▸ WHAT IS BEING ASKED: Shown below is a listing with pictures; reproduce exactly, and only, the lines between the ones containing "Adicionar| Descrição |" and "O tempo passou", inclusive, leaving the pictures out.

▸ THE RECORDS:
○ ○ ○ ○ ○
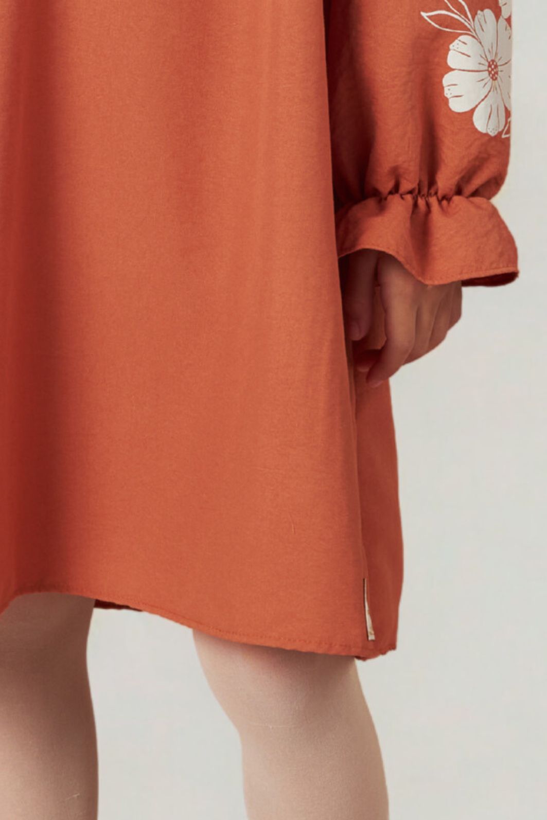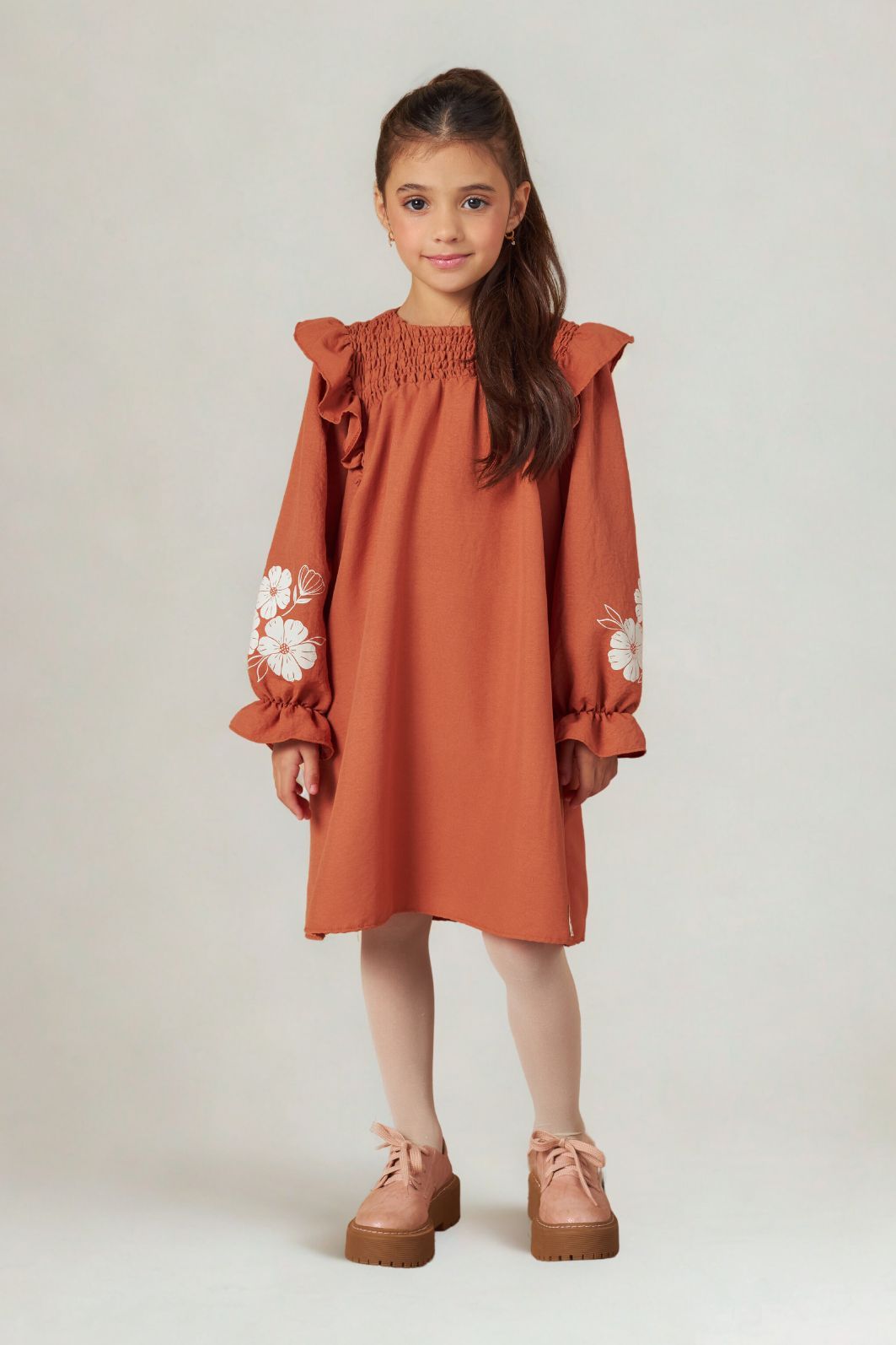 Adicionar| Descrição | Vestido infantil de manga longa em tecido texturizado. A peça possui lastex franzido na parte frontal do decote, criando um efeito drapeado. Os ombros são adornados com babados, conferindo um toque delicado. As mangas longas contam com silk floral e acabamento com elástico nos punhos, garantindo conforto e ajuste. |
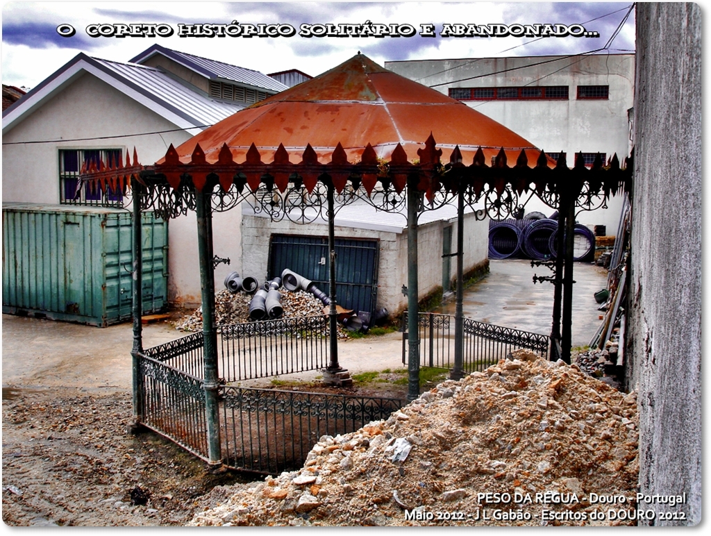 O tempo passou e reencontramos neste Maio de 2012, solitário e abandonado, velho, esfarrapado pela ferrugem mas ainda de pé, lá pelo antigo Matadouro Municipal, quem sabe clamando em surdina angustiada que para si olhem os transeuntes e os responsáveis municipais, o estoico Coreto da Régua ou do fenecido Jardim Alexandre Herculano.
○ ○ ○ ○ ○
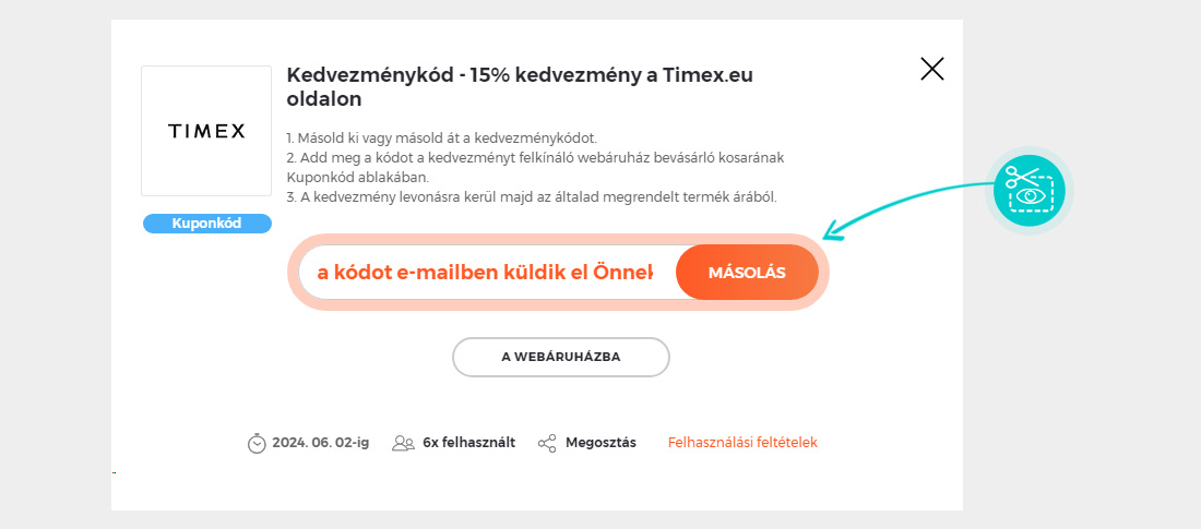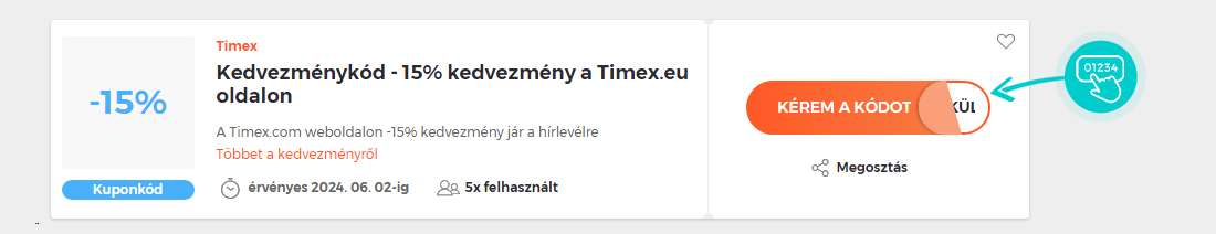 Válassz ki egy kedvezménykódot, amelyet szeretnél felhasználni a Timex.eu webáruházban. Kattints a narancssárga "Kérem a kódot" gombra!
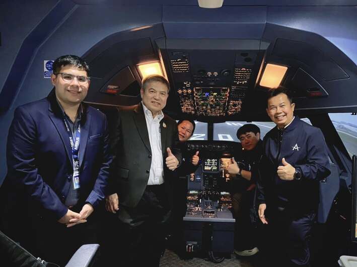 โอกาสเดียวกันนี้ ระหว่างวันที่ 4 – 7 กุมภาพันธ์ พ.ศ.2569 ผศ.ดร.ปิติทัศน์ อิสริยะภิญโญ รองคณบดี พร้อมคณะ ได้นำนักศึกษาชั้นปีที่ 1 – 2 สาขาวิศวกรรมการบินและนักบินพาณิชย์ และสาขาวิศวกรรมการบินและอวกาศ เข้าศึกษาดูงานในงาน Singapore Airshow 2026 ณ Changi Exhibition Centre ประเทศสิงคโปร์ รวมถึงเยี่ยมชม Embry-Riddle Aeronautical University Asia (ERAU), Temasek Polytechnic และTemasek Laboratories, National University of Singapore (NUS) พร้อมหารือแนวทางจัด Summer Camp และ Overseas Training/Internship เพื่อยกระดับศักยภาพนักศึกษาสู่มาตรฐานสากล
○ ○ ○ ○ ○
▸ TASK RESPONSE:
 Adicionar| Descrição | Vestido infantil de manga longa em tecido texturizado. A peça possui lastex franzido na parte frontal do decote, criando um efeito drapeado. Os ombros são adornados com babados, conferindo um toque delicado. As mangas longas contam com silk floral e acabamento com elástico nos punhos, garantindo conforto e ajuste. |
 O tempo passou e reencontramos neste Maio de 2012, solitário e abandonado, velho, esfarrapado pela ferrugem mas ainda de pé, lá pelo antigo Matadouro Municipal, quem sabe clamando em surdina angustiada que para si olhem os transeuntes e os responsáveis municipais, o estoico Coreto da Régua ou do fenecido Jardim Alexandre Herculano.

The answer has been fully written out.